** Data **
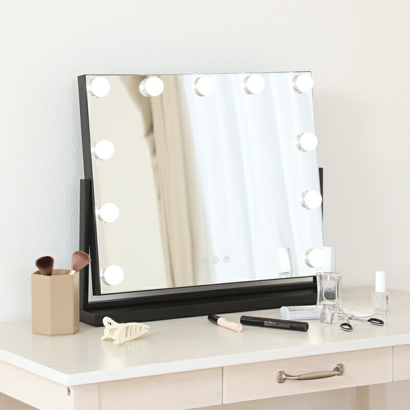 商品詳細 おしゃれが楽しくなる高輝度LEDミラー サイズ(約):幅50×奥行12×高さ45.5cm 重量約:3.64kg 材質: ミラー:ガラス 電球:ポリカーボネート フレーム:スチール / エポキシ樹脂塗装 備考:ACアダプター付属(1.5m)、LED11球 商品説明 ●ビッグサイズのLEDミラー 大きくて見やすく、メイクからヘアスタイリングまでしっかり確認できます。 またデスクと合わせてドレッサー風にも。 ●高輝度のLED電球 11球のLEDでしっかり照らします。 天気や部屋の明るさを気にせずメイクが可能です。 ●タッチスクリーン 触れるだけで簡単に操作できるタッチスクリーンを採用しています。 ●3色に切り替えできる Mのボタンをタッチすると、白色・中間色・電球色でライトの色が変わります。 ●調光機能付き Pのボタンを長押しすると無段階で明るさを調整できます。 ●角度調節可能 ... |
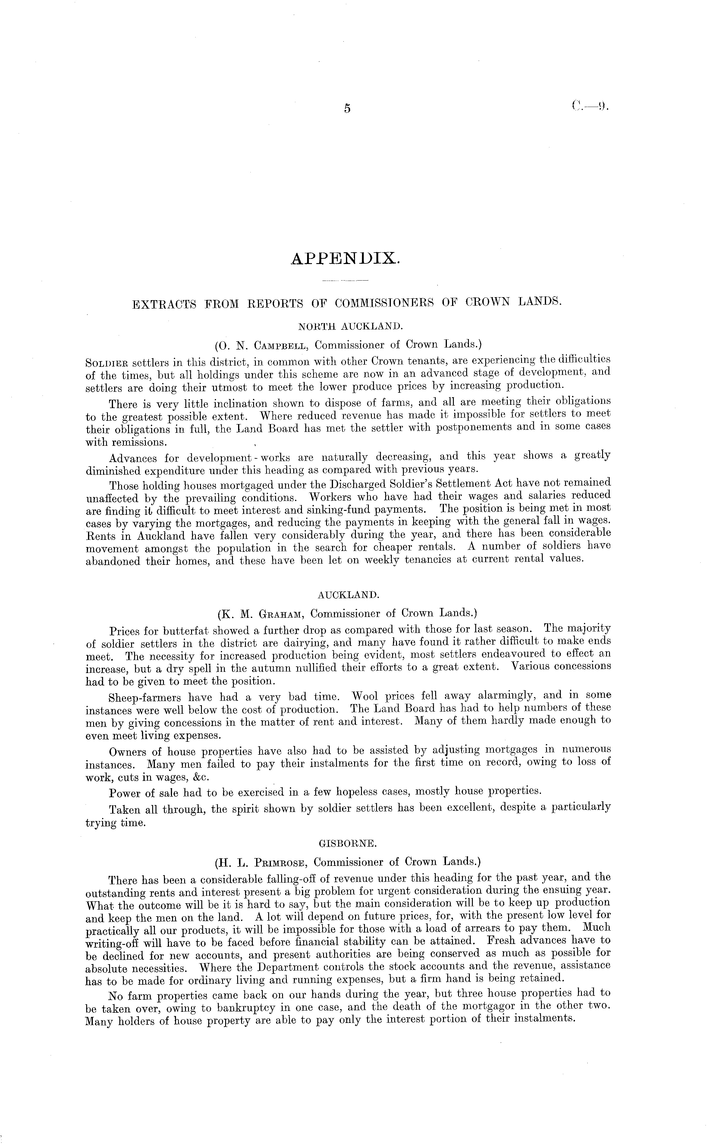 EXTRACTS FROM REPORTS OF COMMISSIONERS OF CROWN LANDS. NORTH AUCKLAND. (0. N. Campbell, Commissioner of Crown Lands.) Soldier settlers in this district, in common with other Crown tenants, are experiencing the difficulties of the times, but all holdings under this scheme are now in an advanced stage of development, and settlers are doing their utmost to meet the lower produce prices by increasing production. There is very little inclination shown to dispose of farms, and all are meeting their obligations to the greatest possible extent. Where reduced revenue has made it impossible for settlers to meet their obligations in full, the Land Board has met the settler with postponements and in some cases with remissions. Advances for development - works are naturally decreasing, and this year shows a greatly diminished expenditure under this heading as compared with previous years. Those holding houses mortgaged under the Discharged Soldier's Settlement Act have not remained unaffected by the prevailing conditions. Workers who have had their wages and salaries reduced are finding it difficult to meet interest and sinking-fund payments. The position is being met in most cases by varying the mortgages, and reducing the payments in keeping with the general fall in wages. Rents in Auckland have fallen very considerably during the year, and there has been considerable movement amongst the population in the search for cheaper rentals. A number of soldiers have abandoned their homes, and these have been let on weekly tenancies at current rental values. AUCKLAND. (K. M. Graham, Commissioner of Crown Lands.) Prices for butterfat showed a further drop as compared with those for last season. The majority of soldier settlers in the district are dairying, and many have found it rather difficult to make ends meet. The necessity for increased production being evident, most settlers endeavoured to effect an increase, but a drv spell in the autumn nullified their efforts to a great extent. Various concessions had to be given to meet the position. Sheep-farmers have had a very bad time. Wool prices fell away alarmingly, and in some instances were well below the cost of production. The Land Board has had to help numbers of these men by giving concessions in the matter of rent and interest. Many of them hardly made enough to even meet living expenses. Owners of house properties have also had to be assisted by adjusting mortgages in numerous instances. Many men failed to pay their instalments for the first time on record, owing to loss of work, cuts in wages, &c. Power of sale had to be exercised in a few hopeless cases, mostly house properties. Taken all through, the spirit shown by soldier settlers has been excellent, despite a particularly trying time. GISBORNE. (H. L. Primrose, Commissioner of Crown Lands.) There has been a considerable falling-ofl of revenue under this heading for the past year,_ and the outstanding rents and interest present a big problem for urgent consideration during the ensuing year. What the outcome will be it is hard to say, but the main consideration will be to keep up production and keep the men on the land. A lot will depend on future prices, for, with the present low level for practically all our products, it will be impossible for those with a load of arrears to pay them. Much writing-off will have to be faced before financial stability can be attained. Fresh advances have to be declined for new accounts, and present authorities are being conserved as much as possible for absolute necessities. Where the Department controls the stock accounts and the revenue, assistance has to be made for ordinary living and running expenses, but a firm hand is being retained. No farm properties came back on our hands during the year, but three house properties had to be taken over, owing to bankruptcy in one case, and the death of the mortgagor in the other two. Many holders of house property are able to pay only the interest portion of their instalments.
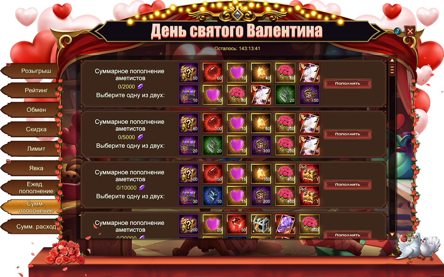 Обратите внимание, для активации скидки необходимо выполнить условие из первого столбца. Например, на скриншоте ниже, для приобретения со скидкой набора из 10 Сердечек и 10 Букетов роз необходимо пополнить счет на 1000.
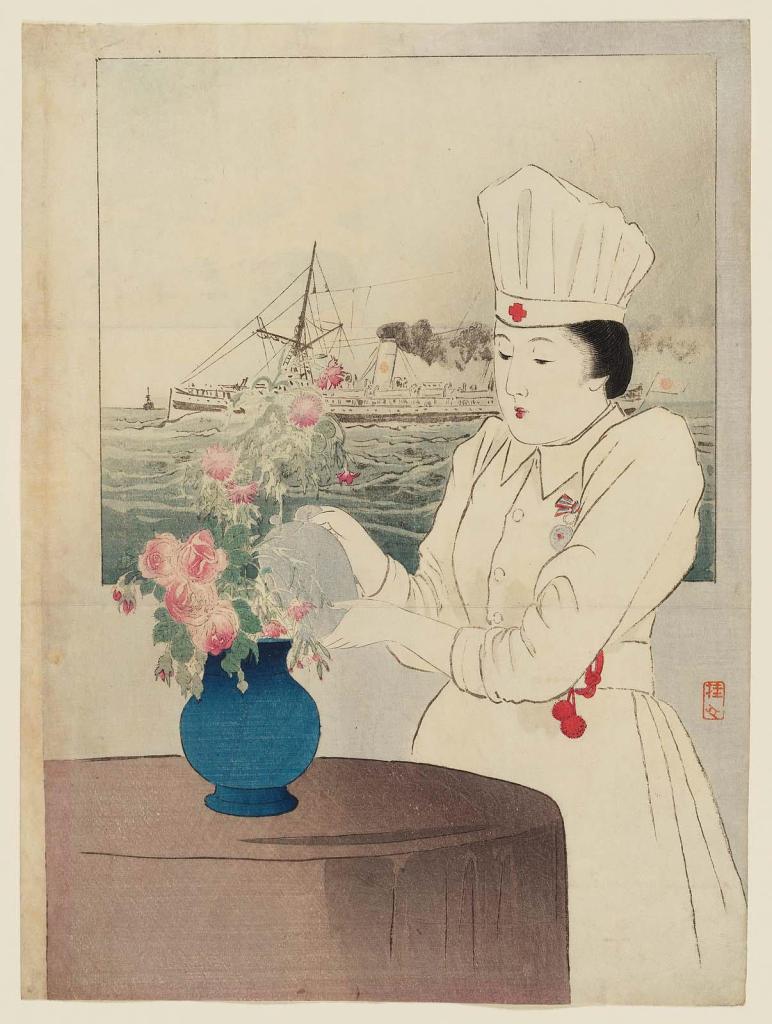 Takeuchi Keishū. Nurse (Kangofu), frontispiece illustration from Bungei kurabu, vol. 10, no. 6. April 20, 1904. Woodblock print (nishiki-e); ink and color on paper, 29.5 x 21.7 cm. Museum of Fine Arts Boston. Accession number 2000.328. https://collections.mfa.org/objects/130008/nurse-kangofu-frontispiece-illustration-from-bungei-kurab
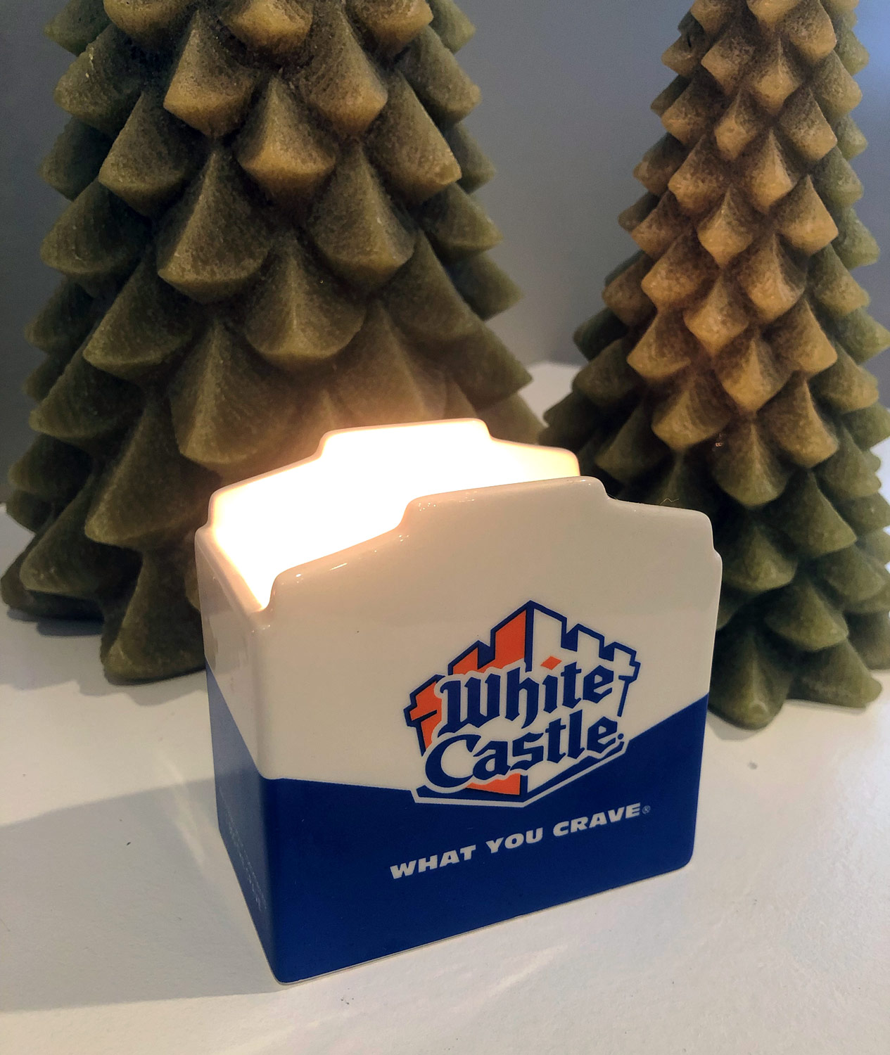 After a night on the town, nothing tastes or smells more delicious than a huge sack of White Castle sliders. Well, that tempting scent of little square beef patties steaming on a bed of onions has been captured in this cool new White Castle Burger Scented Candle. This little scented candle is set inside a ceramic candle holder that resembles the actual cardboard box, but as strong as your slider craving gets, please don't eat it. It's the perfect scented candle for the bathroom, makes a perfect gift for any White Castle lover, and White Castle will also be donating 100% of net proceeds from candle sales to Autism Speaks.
==
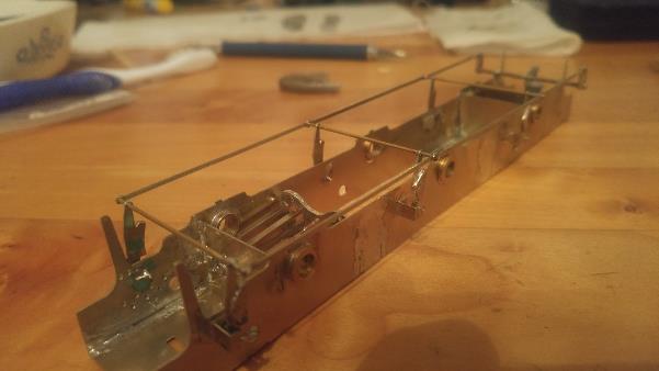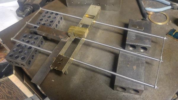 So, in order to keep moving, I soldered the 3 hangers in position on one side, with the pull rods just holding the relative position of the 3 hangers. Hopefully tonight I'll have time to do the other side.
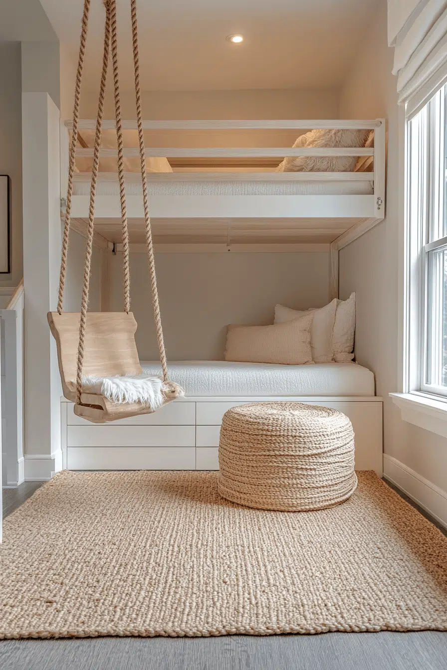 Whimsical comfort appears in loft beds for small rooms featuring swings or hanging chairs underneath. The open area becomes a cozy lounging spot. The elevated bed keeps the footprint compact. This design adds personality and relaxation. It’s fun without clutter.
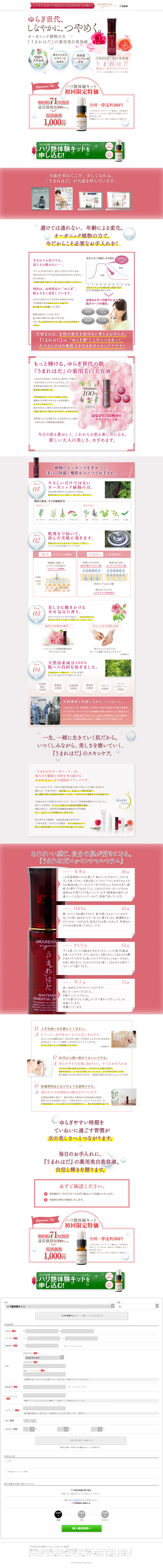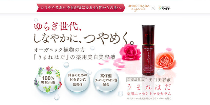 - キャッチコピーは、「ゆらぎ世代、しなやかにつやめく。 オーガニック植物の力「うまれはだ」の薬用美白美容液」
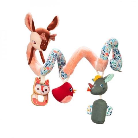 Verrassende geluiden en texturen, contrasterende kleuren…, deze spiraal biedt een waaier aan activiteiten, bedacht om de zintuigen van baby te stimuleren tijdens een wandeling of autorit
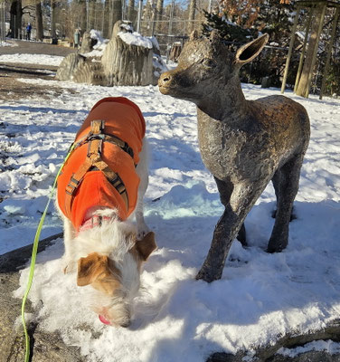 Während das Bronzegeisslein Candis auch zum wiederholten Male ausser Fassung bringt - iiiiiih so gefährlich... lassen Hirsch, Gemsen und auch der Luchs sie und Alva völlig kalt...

** Exercise **
Start at the line above containing "Verrassende geluiden en" and stop at the line containing "Während das Bronzegeisslein": print those lines and everything between them exactly, but not the pictures.

** Exercise solution **
 Verrassende geluiden en texturen, contrasterende kleuren…, deze spiraal biedt een waaier aan activiteiten, bedacht om de zintuigen van baby te stimuleren tijdens een wandeling of autorit
 Während das Bronzegeisslein Candis auch zum wiederholten Male ausser Fassung bringt - iiiiiih so gefährlich... lassen Hirsch, Gemsen und auch der Luchs sie und Alva völlig kalt...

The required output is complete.